Inscrite dans un contexte de forte crise économique, politique et identitaire, la contestation prend une ampleur assez exceptionnelle, se déroulant dans un climat xénophobe et antisémite. En province, mais surtout à Paris, les manifestations se multiplient, comme celle immortalisée par le cliché Manifestation xénophobe d’étudiants parisiens devant la faculté de médecine, 1er février 1935 qui, justement, « lance » le mouvement.
« Contre l’invasion métèque »
Manifestation xénophobe d’étudiants parisiens devant la faculté de médecine, 1er février 1935 est vraisemblablement l’œuvre de l’un des grévistes ou de l’un de leurs « sympathisants ». En effet, le groupe d’étudiants ici réuni prend volontairement la pause avec bonne humeur, comme en témoignent plusieurs sourires ou autres regards complices, bienveillants semble-t-il avec l’auteur du cliché.
La scène se déroule devant l’école de la faculté de médecine de Paris, située dans le Ve arrondissement.
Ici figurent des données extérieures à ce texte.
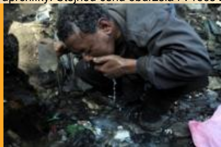
Etiopská realita

sérii snímků o dětech pracujících v cihelně v pákistánském Pěšáváru cenu Vysokého komisaře OSN pro uprchlíky. Stejnou cenu obdržela i v roce 2009 za sérii fotografií z barského uprchlického tábora v Bangladéši.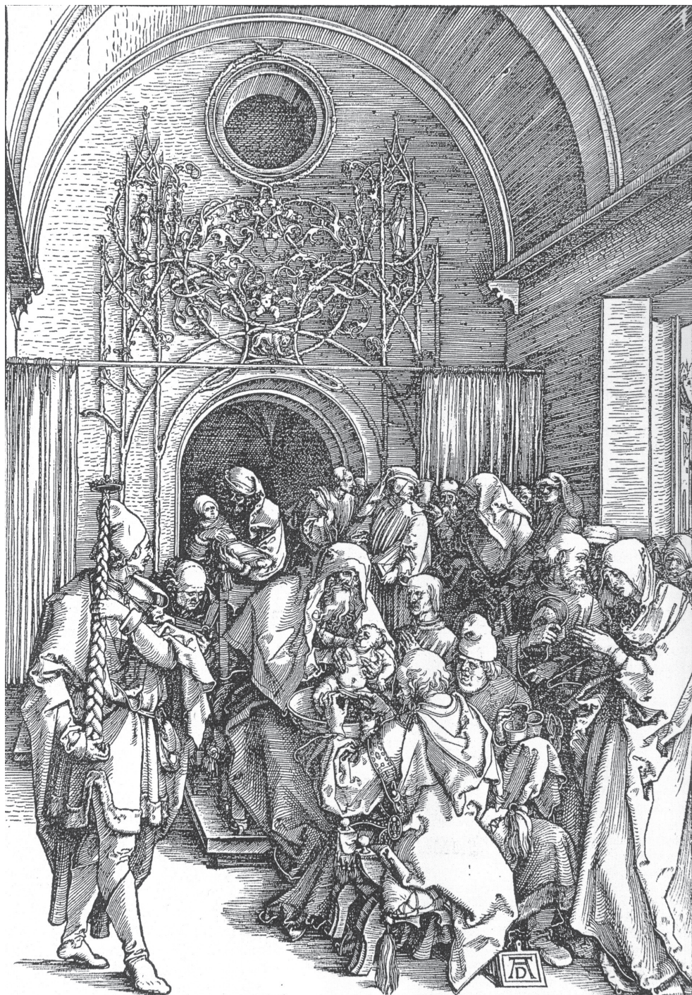
Fig. 3. Albrecht Dürer, Circoncisione , 1505, dalla serie Vita della Vergine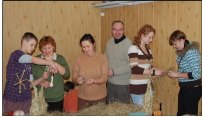
W warsztatach uczestniczyły całe rodziny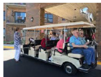
People mover 2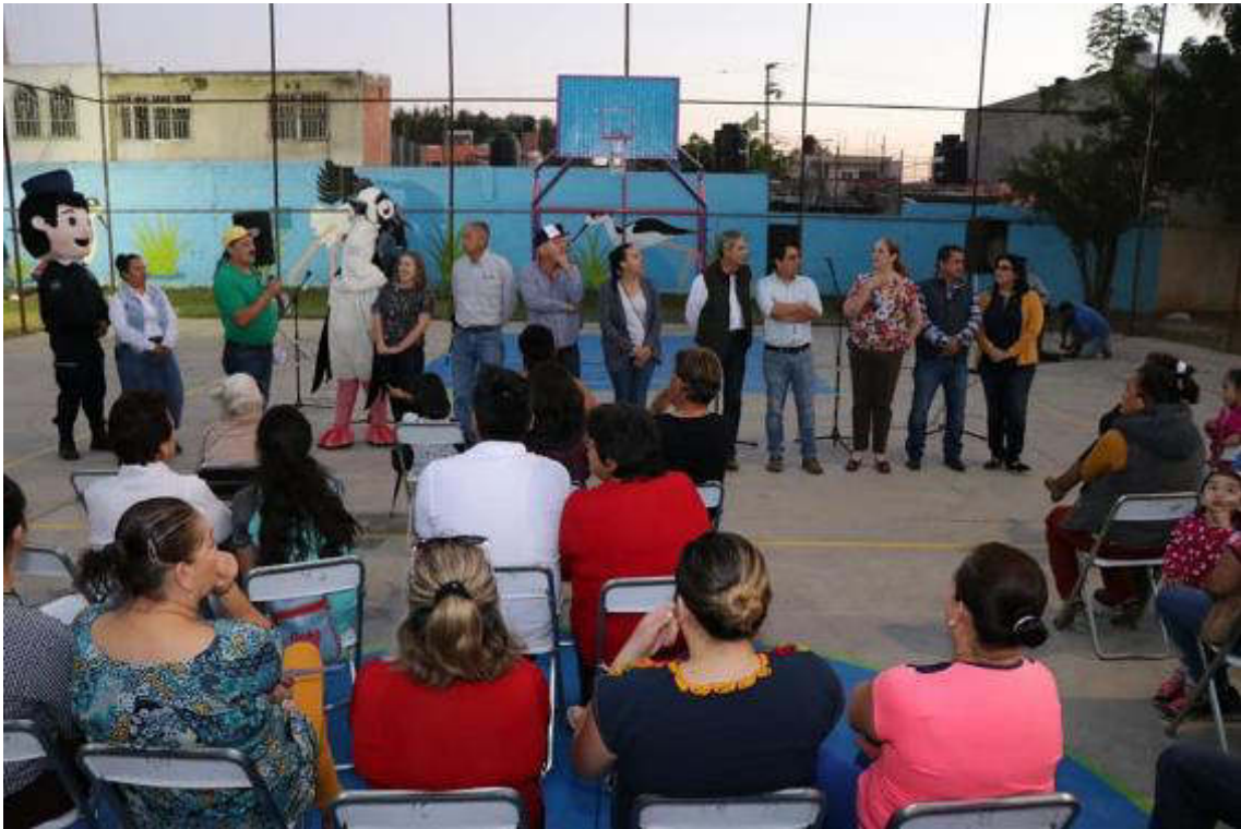
05 DE MARZO DE 2019. INAGURACION DE LOS TRABAJOS REALIZADOS EN LA COLONIA ESCRITORES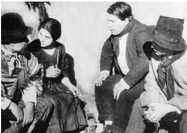
Una de las escenas de la película Flor de Durazno

Flor de Durazno fue adaptada al celuloide respetando la estructura melodramática de la novela original (estructura que, por otra parte, parecía inevitable en la naciente construcción de géneros cinematográficos). Para Defilippis Novoa, de la misma edad que Gardel, el cine también era un desafío. De su tiempo como maestro rural le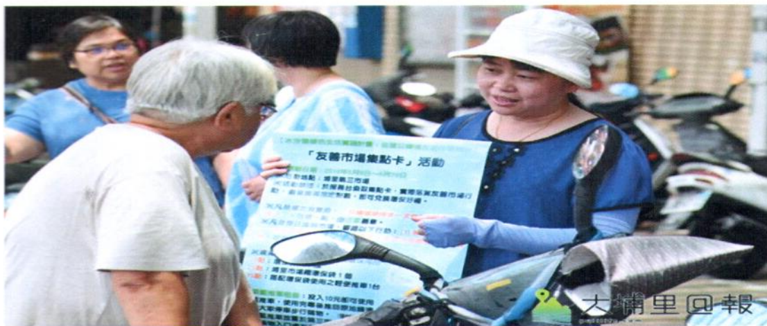
志工拿著看板，向第三市場買菜民眾推廣「友善市場集點卡」活動。

暨大人社中心推動「水沙連綠色生活實踐計畫」，試圖建立環境友善市場，選擇第三市場做為推動的場域，先前已做過調查問卷，絕大多數民眾認為第三市場人車爭道問題的確造成困擾，空氣也很污濁，希望能改善，也期望動線設計更順暢，並做車輛管制，如此會有更多人願意以步行購物。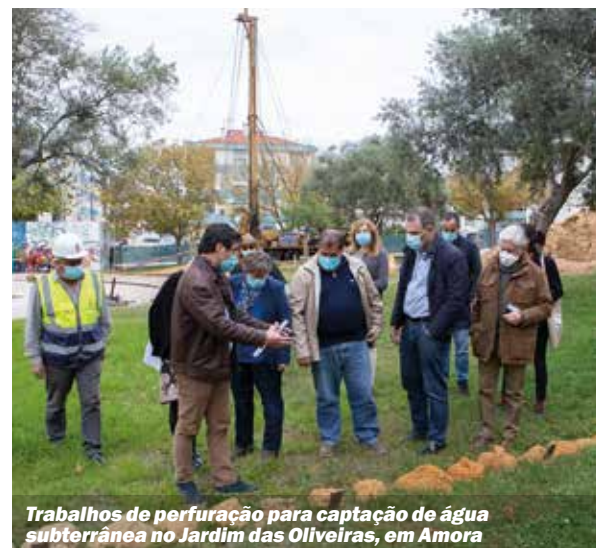
Trabalhos de perfuração para captação de água subterrânea no Jardim das Oliveiras, em Amora

Executivo municipal acompanha intervenções no concelho

On aperçoit en arrière plan le bâtiment ancien, partiellement masqué par la structure de bois plus rudimentaire qui constitue l’entrée de « l’école pratique » (c’est-à-dire la partie de l’université où l’on effectue les dissections et les autres exercices pratiques) ainsi que le signale un panneau situé au-dessus de l’une des deux portes d’entrée.
Regroupés en une masse compacte, les étudiants grévistes présentent un profil globalement similaire. Il s’agit exclusivement d’hommes blancs (aucune femme) moyennement jeunes (en majorité des trentenaires (ce qui renvoie à la durée des études de médecine), et dont la mise (costumes, pardessus, chapeaux) dénote une relative aisance (pour la condition estudiantine).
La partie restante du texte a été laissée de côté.